Immigrant rights advocates in L.A. hailed the clinic's decision, saying it is the first of its kind in California. “The move sends a powerful message that immigrants and their families are not alone,” says Jorge-Mario Cabrera, communications director for the Coalition for Humane Immigrant Rights Reform.

The clinic's board passed the sanctuary policy at a time when the California Senate is preparing to vote on a bill that would prohibit local and state agencies from using state resources to communicate with federal agents, with a few exceptions — such as task forces involving federal and local agencies. That proposal, the California Values Act, introduced by Senate President Pro Tem Kevin de León, instructs the attorney general to limit assistance with immigration enforcement at a list of sensitive locations, including health clinics.

Grande says the passage of the law is taking longer than expected, prompting the clinic directors to be proactive. “Being a sanctuary just means we are taking those measures to be as protective as possible,” she says.

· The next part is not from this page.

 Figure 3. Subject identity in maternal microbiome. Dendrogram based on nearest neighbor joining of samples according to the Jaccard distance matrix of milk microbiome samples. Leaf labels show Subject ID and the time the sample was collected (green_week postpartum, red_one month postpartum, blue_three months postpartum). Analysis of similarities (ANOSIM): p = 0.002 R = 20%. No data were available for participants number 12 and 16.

Credit: Courtesy Clínica Monseñor Oscar A. Romero

Credit: Courtesy Clínica Monseñor Oscar A. Romero

The new procedure dictates that in the event of a visit from ICE, staff is to immediately shut down the clinic and move patients from the reception area into areas restricted to staff. One staff member will be appointed the spokesperson to verify whether ICE has an order for a specific person. Should ICE have a warrant for an individual in the clinic, clinic staff will arrange for legal representation.

“We're not going to hand them off alone,” Grande says. “We're going to give them legal representation as well as provide for the safety of the rest of the patients.

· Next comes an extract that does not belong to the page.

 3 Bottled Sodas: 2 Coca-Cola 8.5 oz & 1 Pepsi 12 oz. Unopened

“If agents come in storming, our providers are prepared to act as human shields.”

As for access to patients' private information, it is already prohibited under state and federal law.

There is some concern among health clinics that if they declare themselves sanctuary spaces it will risk their access to federal funding. President Trump and members of his administration have repeatedly threatened to withhold federal funding from cities and other jurisdictions that place limits on their cooperation with federal enforcement actions. A Jan. 25 White House executive order states that local sanctuary ordinances have “caused immeasurable harm to the American people and to the very fabric of our Republic.”

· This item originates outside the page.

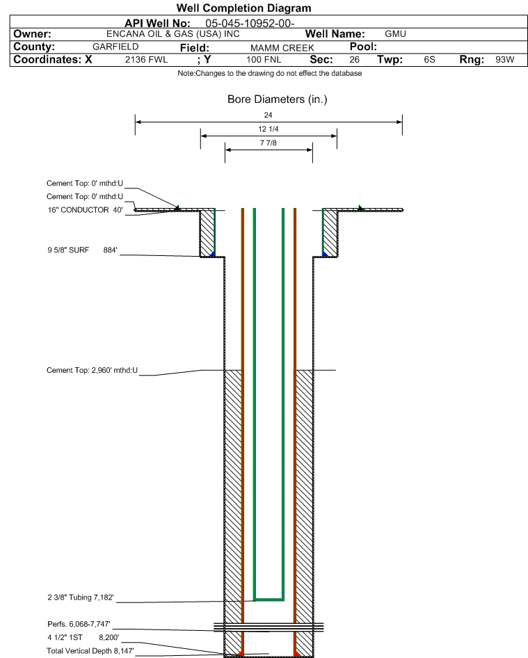 | Wellbore Completed | | Completion Date: | 8/5/2008 | | Spud Date: | 7/23/2008 | Spud Date Is: | ACTUAL | | Measured TD: | 8200 ft. | Measured PB depth: | 8048 ft. | | True Vertical TD: | 8147 ft. | True Vertical PB depth: | 7995 ft. | | Top PZ Location: | Sec:23 Twp: 6S 93W | Footage: 634 FSL 1987 FWL | | Bottom Hole Location: | Sec:23 Twp: 6S 93W | Footage: 634 FSL 1987 FWL | | Log Types: | RST - CBL | | Casing: | String Type: CONDUCTOR, Hole Size: 24 in., Size: 16 in., Top: 0 ft., Depth: 40 ft., Weight: , Citings Type: ACTUAL | | Cement: | Sacks: , Top: 0 ft., Bottom: 40 ft., Determination Method: | | Casing: | String Type: SURF, Hole Size: 12.25 in., Size: 9.625 in., Top: 0 ft., Depth: 884 ft., Weight: , Citings Type: ACTUAL | | Cement: | Sacks: 319, Top: 0 ft., Bottom: 884 ft., Determination Method: | | Casing: | String Type: 1ST, Hole Size: 7.875 in., Size: 4.5 in., Top: 0 ft., Depth: 8200 ft., Weight: , Citings Type: ACTUAL | | Cement: | Sacks: 1310, Top: 2960 ft., Bottom: 8200 ft., Determination Method: CBL | | Formation | Interval Top | Log Bottom | Cored | DSTs | | WASATCH | 0 ft. | 5063 ft. | N | N | | WILLIAMS FORK | 5063 ft. | 8086 ft. | N | N | | ROLLINS | 8086 ft. | 8200 ft. | N | N |

Gabrielle Lessard, a senior policy attorney with the National Immigration Law Center, endorses the policy and says the Romero Clinic is completely within its rights to declare itself a sanctuary. “They're a private nonprofit, so they're not under any obligation to participate in immigration enforcement unless there's a court-ordered warrant where they would be legally required to participate,” she says.

“They're sending a message to the community,” she continues. “Theres a lot of fear in the community right now because of increased enforcement. We're hearing generally that people have been canceling appointments at healthcare facilities or asking their Medi-Cal enrollment be dropped. So even if the Values Act does go into effect, they're making a declaration to members of the community that this is a safe place to go and they should get the healthcare they need.”

Founded in 1983 by civil-war refugees from El Salvador, the Clínica Romero operates at two locations in L.A., in the Latin American enclaves of Pico-Union and Boyle Heights. It provides a variety of patient services, including internal medicine, dentistry, optometry, mental health and substance abuse counseling.

Since its humble beginnings as an all-volunteer organization, the clinic has been actively engaged in community organizing around immigrant affairs and issues affecting patients — the social determinants of health, as Grande calls them.

Grande says the clinic is urging community health centers statewide to follow suit. She says they're willing to train other clinics and staff to protect their undocumented patients.

“They're looking at us to provide a safe haven where they can go and not be afraid of seeking refuge,” she says. “That's why it's important.”